# [WORK ORDER]
Search the data for the string "black" and extract every line where it appears.

[Dataset entries]
__________
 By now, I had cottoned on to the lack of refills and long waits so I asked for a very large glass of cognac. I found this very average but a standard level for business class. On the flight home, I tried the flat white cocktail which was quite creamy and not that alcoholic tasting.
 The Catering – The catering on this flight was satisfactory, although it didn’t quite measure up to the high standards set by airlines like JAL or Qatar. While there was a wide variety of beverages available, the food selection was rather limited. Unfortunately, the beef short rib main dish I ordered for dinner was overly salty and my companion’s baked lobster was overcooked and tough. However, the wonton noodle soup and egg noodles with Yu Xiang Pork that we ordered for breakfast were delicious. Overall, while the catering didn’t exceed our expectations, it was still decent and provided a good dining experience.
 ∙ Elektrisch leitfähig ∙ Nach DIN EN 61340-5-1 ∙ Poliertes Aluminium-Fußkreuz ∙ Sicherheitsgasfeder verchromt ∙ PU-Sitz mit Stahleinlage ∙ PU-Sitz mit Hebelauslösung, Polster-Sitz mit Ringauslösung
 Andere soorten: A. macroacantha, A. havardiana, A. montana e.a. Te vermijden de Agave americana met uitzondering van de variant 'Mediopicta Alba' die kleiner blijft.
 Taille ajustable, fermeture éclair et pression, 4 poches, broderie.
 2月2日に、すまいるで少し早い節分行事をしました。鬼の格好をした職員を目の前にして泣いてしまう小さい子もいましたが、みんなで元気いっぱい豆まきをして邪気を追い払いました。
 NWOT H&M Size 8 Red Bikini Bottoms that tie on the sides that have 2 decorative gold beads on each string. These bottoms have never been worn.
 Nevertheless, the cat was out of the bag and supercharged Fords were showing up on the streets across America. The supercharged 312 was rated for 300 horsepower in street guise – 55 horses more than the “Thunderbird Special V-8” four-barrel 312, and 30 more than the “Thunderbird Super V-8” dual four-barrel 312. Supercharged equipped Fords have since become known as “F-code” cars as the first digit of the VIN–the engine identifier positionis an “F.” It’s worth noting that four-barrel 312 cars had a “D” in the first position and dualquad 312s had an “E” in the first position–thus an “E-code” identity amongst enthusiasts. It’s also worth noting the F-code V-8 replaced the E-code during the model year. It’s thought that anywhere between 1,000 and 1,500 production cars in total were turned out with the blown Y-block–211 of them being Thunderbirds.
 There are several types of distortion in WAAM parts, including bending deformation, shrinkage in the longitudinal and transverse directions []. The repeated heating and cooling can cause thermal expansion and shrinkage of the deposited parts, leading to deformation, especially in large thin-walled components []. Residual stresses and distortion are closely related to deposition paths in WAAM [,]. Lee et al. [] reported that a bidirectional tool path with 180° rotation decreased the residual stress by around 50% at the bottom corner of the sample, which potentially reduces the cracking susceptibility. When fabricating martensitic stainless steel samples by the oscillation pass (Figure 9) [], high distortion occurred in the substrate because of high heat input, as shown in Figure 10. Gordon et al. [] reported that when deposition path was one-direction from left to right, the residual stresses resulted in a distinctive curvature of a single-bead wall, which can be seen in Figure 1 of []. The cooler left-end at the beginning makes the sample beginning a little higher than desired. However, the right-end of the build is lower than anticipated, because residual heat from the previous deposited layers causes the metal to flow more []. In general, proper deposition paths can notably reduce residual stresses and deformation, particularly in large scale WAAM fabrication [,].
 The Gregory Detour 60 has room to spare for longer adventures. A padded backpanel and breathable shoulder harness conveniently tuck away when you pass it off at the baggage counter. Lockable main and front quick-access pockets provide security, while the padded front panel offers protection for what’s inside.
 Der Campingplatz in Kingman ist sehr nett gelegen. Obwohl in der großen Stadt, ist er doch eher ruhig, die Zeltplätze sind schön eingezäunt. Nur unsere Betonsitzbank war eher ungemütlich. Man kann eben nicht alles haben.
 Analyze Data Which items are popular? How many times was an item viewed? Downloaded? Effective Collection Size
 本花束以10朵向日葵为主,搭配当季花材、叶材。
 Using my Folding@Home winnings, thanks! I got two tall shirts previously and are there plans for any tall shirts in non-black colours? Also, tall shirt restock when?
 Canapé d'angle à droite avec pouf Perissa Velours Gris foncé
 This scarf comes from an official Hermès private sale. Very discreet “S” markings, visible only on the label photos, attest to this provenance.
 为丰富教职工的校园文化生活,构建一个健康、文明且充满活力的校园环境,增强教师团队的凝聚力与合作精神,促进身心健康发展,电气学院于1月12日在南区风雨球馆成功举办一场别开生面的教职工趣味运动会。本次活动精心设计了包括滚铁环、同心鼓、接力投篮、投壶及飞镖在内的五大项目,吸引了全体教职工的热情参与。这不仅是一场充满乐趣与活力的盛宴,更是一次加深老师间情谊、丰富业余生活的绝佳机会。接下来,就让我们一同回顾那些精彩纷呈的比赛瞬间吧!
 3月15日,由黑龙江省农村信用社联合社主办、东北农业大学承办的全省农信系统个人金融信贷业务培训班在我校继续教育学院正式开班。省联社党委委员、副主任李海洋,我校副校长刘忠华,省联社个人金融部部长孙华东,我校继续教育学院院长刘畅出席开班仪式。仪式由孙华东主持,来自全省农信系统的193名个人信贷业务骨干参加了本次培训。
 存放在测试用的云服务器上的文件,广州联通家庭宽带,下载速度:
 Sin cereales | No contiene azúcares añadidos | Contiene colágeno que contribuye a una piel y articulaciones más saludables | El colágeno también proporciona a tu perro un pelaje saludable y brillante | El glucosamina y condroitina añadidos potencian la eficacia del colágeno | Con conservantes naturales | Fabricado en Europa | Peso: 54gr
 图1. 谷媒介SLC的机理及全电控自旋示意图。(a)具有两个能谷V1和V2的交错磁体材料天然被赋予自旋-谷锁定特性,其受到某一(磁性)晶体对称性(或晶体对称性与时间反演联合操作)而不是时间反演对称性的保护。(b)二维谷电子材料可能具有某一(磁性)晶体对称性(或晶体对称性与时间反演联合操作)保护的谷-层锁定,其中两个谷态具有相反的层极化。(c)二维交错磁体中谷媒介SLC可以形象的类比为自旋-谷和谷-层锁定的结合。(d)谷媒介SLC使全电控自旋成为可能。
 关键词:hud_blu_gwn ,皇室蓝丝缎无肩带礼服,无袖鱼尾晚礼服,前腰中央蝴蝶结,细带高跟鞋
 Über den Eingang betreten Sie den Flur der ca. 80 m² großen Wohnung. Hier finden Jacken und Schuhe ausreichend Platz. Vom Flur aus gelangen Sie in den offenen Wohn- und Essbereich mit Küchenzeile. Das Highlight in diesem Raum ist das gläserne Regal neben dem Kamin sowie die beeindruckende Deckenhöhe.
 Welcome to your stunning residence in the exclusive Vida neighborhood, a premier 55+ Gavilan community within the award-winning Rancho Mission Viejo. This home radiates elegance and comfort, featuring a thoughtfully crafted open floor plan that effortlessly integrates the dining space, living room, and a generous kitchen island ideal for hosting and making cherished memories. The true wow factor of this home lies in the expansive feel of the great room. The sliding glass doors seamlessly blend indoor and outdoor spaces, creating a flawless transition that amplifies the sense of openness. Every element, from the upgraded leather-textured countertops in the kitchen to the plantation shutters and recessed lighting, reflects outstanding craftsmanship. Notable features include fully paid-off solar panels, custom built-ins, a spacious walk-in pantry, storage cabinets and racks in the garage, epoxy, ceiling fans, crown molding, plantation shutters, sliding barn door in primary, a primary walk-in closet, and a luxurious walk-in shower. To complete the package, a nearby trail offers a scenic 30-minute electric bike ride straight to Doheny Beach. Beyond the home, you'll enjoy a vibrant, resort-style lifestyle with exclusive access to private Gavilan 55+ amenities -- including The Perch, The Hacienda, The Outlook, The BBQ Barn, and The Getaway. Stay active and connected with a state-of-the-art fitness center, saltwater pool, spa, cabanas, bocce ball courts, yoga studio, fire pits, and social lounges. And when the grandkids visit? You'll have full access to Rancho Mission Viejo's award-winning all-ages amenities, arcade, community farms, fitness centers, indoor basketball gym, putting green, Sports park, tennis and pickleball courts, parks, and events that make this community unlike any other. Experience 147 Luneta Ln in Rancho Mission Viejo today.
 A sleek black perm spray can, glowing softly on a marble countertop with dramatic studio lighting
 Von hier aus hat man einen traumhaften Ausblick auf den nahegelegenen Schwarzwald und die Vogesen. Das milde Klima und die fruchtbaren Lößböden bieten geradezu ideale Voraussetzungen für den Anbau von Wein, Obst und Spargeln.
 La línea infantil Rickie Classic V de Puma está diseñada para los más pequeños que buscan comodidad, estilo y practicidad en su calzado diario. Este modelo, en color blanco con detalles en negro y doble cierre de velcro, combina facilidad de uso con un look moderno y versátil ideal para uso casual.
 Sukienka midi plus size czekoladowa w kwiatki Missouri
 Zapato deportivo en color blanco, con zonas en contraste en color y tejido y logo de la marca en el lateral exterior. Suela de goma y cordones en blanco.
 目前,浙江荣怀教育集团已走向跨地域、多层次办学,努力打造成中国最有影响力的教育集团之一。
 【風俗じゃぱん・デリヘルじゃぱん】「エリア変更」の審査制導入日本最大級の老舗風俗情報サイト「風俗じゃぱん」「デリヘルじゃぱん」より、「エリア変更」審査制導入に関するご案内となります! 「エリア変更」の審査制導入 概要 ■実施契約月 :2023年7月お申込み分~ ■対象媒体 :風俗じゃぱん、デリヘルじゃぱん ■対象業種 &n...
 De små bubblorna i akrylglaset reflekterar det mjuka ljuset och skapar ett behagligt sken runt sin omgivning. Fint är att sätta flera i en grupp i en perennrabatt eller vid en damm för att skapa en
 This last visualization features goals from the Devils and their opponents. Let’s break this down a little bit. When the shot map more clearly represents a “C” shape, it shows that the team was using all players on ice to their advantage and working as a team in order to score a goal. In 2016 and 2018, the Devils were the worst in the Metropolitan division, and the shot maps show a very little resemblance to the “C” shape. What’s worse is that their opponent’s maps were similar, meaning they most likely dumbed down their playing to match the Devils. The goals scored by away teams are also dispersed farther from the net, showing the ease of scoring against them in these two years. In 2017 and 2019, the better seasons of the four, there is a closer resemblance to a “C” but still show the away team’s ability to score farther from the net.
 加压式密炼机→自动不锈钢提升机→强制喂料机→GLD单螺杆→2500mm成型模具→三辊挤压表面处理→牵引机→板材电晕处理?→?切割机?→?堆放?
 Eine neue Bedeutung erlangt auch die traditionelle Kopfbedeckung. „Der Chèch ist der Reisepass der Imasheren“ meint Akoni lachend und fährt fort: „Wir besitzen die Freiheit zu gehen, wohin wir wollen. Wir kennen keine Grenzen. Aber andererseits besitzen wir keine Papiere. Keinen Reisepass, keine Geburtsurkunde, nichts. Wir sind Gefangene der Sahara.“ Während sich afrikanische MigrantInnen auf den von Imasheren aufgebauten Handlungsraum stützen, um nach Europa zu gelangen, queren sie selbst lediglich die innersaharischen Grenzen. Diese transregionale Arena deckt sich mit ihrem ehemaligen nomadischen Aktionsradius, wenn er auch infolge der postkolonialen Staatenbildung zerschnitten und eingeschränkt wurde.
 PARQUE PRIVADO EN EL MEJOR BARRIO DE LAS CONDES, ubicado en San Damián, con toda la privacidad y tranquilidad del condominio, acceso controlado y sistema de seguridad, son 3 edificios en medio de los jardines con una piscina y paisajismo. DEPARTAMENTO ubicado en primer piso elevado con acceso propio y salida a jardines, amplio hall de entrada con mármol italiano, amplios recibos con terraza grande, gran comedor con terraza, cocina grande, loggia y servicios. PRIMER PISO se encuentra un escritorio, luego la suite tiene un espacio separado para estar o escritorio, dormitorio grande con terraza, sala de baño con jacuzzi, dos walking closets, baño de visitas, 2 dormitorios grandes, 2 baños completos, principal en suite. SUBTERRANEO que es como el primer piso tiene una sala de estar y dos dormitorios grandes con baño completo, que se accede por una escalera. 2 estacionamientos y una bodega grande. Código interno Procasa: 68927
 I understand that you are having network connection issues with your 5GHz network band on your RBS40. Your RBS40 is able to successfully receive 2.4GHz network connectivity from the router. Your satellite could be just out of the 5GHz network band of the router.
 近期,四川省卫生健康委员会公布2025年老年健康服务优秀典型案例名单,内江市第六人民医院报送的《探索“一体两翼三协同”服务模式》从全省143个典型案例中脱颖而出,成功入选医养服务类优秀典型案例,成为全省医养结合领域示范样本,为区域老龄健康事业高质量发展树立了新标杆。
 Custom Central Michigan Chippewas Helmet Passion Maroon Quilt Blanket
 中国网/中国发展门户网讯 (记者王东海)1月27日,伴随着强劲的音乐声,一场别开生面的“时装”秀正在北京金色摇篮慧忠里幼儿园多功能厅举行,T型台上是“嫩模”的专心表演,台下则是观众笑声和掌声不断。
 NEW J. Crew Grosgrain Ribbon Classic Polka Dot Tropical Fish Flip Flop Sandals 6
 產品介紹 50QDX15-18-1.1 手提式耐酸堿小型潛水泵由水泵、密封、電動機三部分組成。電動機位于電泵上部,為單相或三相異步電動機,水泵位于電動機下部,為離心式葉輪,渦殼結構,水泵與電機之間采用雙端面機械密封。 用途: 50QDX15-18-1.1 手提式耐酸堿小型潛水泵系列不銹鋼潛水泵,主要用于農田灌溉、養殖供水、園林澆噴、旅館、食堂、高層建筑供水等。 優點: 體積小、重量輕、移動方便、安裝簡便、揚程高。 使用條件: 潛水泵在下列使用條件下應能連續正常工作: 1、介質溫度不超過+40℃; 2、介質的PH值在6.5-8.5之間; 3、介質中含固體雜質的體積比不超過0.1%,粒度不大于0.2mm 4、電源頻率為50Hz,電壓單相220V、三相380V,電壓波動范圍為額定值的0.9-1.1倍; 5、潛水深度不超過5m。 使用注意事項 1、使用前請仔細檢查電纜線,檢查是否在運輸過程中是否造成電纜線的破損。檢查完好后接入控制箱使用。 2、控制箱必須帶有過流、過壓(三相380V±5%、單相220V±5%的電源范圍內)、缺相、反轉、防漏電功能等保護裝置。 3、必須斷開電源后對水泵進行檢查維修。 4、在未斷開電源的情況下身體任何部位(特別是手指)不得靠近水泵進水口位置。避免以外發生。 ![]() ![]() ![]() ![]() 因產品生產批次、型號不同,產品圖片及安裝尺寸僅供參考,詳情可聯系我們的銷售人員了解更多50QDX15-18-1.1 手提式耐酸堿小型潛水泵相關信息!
__________
# [COMPLETED EXERCISE]
 Using my Folding@Home winnings, thanks! I got two tall shirts previously and are there plans for any tall shirts in non-black colours? Also, tall shirt restock when?
 A sleek black perm spray can, glowing softly on a marble countertop with dramatic studio lighting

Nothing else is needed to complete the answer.